Making TOAST tiles from panstarrs data

Tessellated Octahedral Adaptive Subdivision Transform (TOAST), created by Microsoft, is a way to represent a sphere as a "hierarchical triangular mesh." The TOAST method starts by modeling the sphere as an octahedron, then recursively subdivides each triangular face until the sphere is approximated to arbitrary accuracy. The triangles are all the same size in terms of image-pixels, however the sizes of represented sections of sphere vary. This representation of the sphere is used in the World Wide Telescope visualization environment, as well as the Astroview all-sky visualization (our use case).

The goal of this project is to use the PANSTARRS all-sky survey to create a set of TOAST tiles at depths 4-12 for use in Astroview.
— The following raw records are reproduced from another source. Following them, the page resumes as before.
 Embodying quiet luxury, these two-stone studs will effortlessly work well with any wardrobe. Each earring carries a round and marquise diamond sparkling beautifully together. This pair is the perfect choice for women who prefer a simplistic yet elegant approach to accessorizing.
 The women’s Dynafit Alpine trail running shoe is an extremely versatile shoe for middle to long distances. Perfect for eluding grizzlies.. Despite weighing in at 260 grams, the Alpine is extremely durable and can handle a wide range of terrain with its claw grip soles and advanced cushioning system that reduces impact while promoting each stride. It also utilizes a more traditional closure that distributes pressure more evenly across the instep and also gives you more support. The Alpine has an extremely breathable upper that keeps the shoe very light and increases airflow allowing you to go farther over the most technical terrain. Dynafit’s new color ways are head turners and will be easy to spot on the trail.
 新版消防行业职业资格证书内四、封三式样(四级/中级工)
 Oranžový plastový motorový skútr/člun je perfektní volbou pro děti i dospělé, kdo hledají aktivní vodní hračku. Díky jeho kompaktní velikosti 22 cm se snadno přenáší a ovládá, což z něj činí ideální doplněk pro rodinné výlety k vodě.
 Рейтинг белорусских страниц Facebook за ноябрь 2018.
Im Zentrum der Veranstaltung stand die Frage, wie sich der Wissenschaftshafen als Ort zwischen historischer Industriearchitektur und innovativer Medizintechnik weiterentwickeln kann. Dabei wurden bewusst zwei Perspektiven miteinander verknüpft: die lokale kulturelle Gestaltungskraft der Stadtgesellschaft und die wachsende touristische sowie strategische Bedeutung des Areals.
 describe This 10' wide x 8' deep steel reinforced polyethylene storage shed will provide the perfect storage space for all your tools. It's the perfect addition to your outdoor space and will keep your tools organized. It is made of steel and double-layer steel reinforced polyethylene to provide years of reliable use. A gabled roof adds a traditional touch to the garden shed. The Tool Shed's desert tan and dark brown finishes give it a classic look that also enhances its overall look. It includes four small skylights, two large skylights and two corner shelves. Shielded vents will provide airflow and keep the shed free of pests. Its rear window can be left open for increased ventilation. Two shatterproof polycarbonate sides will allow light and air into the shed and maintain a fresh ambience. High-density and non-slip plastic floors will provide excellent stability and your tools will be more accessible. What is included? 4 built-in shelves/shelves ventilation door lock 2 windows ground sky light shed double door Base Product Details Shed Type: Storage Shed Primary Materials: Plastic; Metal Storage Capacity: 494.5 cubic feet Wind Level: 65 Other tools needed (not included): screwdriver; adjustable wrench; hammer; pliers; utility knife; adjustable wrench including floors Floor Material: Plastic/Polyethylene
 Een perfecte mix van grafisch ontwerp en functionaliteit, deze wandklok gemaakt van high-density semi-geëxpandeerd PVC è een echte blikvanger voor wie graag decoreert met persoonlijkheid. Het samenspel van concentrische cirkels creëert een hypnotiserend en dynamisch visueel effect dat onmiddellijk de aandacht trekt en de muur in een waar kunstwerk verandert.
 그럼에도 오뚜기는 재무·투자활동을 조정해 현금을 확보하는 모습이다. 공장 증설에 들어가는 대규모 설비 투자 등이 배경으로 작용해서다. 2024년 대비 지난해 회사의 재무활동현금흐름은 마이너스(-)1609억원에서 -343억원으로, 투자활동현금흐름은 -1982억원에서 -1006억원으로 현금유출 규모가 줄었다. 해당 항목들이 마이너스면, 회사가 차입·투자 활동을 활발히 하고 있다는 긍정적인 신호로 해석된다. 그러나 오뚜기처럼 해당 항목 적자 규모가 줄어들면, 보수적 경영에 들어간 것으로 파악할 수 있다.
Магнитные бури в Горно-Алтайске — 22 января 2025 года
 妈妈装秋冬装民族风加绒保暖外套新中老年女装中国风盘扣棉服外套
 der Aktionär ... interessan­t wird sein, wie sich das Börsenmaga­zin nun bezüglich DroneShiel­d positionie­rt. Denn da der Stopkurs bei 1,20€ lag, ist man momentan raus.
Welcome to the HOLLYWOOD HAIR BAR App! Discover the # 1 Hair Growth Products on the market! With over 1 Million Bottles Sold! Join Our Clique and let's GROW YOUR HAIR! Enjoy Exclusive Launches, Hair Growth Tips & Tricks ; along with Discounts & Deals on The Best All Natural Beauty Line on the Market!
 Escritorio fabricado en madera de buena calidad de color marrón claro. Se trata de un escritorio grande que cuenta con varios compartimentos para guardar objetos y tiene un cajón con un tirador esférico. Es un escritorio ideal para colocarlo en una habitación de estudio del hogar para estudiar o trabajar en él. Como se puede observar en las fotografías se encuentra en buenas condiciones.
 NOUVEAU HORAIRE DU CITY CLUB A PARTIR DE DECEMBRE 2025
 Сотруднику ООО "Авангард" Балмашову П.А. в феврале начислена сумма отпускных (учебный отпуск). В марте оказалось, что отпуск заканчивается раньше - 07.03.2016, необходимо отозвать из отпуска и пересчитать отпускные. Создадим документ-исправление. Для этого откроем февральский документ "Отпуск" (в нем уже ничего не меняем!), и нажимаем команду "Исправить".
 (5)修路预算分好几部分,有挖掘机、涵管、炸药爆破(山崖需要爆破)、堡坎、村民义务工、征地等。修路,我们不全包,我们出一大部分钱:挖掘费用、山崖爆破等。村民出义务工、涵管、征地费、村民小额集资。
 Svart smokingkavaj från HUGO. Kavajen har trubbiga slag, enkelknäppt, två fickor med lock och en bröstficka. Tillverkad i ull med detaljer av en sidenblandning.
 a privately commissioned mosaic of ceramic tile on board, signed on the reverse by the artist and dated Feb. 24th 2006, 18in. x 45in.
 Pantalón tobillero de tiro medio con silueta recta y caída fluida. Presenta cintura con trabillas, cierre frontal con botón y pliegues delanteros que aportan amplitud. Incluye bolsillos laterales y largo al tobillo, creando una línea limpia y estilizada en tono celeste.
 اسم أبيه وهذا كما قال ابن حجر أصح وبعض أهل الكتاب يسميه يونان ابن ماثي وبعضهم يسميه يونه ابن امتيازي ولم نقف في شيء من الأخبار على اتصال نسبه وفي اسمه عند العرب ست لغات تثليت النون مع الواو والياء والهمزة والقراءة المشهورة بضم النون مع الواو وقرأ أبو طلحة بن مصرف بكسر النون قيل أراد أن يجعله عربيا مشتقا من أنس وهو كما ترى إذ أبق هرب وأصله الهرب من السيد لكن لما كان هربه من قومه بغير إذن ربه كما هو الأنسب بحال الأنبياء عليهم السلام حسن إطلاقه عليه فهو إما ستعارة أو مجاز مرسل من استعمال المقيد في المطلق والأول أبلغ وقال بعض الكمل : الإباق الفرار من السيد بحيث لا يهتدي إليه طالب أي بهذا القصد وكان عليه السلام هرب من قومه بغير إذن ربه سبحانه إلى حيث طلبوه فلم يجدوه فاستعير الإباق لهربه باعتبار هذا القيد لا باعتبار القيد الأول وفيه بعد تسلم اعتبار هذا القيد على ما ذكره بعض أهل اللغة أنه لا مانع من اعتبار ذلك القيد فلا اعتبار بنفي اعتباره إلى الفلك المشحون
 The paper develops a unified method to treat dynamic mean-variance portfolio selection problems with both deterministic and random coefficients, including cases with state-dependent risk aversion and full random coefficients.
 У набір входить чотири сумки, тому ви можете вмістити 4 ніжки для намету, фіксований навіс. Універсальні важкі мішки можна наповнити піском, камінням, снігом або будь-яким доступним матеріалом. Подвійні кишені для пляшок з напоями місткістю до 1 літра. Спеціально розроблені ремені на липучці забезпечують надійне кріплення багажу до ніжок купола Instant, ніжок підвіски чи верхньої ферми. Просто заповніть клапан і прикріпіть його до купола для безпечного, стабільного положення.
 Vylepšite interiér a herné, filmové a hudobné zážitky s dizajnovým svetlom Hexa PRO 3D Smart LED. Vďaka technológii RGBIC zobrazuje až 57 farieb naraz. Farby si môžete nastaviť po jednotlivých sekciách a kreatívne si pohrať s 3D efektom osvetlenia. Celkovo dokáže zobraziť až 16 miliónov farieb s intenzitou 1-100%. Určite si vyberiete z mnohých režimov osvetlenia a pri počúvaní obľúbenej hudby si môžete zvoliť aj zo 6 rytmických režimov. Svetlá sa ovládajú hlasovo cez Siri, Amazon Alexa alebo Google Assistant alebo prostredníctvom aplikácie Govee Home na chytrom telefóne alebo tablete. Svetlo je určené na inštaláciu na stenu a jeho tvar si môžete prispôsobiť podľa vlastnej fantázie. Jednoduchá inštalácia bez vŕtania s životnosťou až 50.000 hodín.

To that end Chris Beaumont's toasty library was modified to allow for toasting sections of the sky independently, and to separate the creation of the bottom layer (highest resolution) TOAST tiles, from the resampling of that layer to produce each successive (lower resolution) layer of TOAST tiles.

Requirements

  • Python (TOASTING and colorizing have only been tested with Python 3.5)
  • Our Toasty
  • Access to panstarrs servers
  • Numpy
  • Astropy
  • Pillow/PIL
  • Numexpr
  • scikit-image
  • OpenCV

Assumptions

  • To create the TOASTed PANSTARRS visualization we used a 32 core VM with 140 GB of RAM and 12TB of disk space.
  • The panstarrs server mount points were /data/ps1/node[01-20], this is assumed in the code.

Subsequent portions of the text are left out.